Thursday, February 26, 2009

Camera trapping science and tigers

K. Ullas Karanth and James D. Nichols have produced an 8-part instructional series about monitoring tiger populations.

You can watch it here on You Tube.

The footage and animations are excellent, and three chapters deal with the use of camera traps.

It all builds on the efforts of Karanth and Nichols who have been worked hard over the past 3 decades to introduce science into the business of estimating wild tiger populations.

While few readers of this blog will ever have occasion to use the method, the camera trapping chapters are well worth viewing to appreciate the painstaking effort that goes into wildlife population estimation.

It's not quite as simple or easy as the general public, politicians, and most outdoors folks would like to believe.

But hey, you can trust the results.

Sunday, February 22, 2009

The not-so-giant Sulawesi civet--Part 2

[Macrogalidia approaches the camera trap]

"Macro" eventually made an appearance, and was even curious about the camera, but we didn't have the satisfaction of knowing this until we were back in the states and had the film developed. 

However, our spirits were buoyed whenever we checked the camera's film counter. Sometimes a 36-exposure roll was exposed in a couple days. 
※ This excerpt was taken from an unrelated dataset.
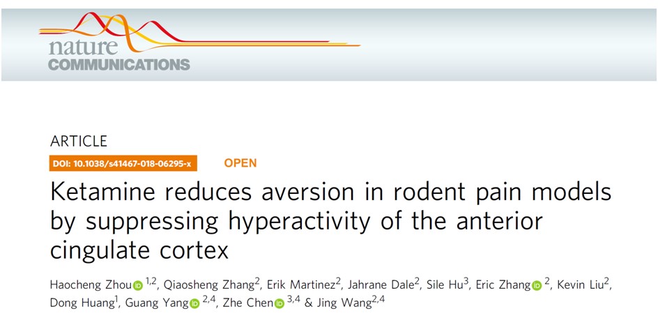 近日,国际知名期刊《自然-通讯》(Nature Communications,IF=12.353)在线发表了中南大学湘雅三医院黄东教授研究团队的最新研究成果“Ketamine reduces aversion in rodent pain models by suppressing hyperactivity of the anterior cingulate cortex”(2018-09-14 , DOI: 10.1038/s41467-018-06295-x)。论文第一作者是我校2015级博士研究生周浩宬,中南大学湘雅三医院为第一单位,该论文在湘雅三医院黄东教授和美国Jing Wang教授合作指导下完成。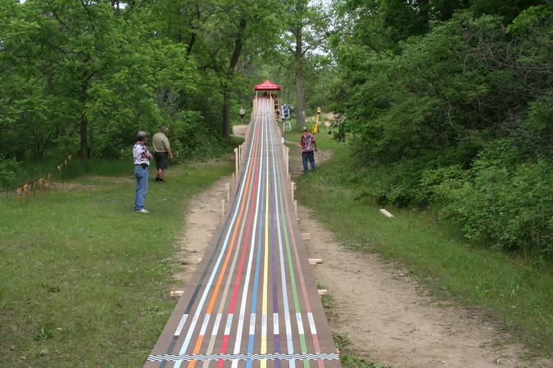Thirty-five separate sections of plywood eight feet by four feet in length made up the track, said Rich Przybylski, who helped in the building efforts.

What we eventually learned was that most of those exposures were made by night flying moths and falling leaves. They had all passed through the 6-foot pencil-thick beam of light between the sensor and reflector.  (See this post for camera details.)


[the camera trap: Nikon FE and flash housed in a wooden case 
and wired to an external photoelectric trigger.] 

We baited the site with a live chicken, tethered above but just beyond the sensor's beam. 

[Ken Lang and CW preparing the site, photo by Larry Collins]

We hauled 20 lbs of river sand and spread it on the trail so we could see tracks. The final incentive was a ripe banana hung on the tree in the background.   

It was a time consuming process, and checking the cam required a 1000 ft climb from Watling's hut on the Mewe River to the game trail on the ridge. 

[CW testing the photoelectric beam alignment]

The civet came and fetched the banana. 





Then it killed and ate the chicken.



In 1999 or so, a film maker from New Zealand wrote to me and proposed a documentary on Macro.

It was a splendid offer to revisit Sulawesi and take part in the story, but I was overcommitted and very much involved in a project in Burma. I told him that Jack West, who lived nearby in Australia, spoke Bahasa Indonesia, and had been very much involved-- was his man.

Jack spent 5 months in the field, and it took 18 months to trap another Macro, but now it is a matter of record. Jack got excellent footage of the civet moving about in an enclosure, and it is all in the film.

Thursday, February 19, 2009

The not-so-giant civet of Sulawesi--Part 1


Hauling a large live trap across the River Mewe, Sulawesi


Before I post camera trap photos of the animal, I'm giving you the background.

The Giant Civet of Sulawesi (Macrogalidia musschenbroekii) wasn't a giant at all, but we didn't know that in the mid-1970s.

To us it was a big civet from a big island with an exotic colonial name, the Celebes , located west of Wallace's Line, the sacred beat of Alfred Russell.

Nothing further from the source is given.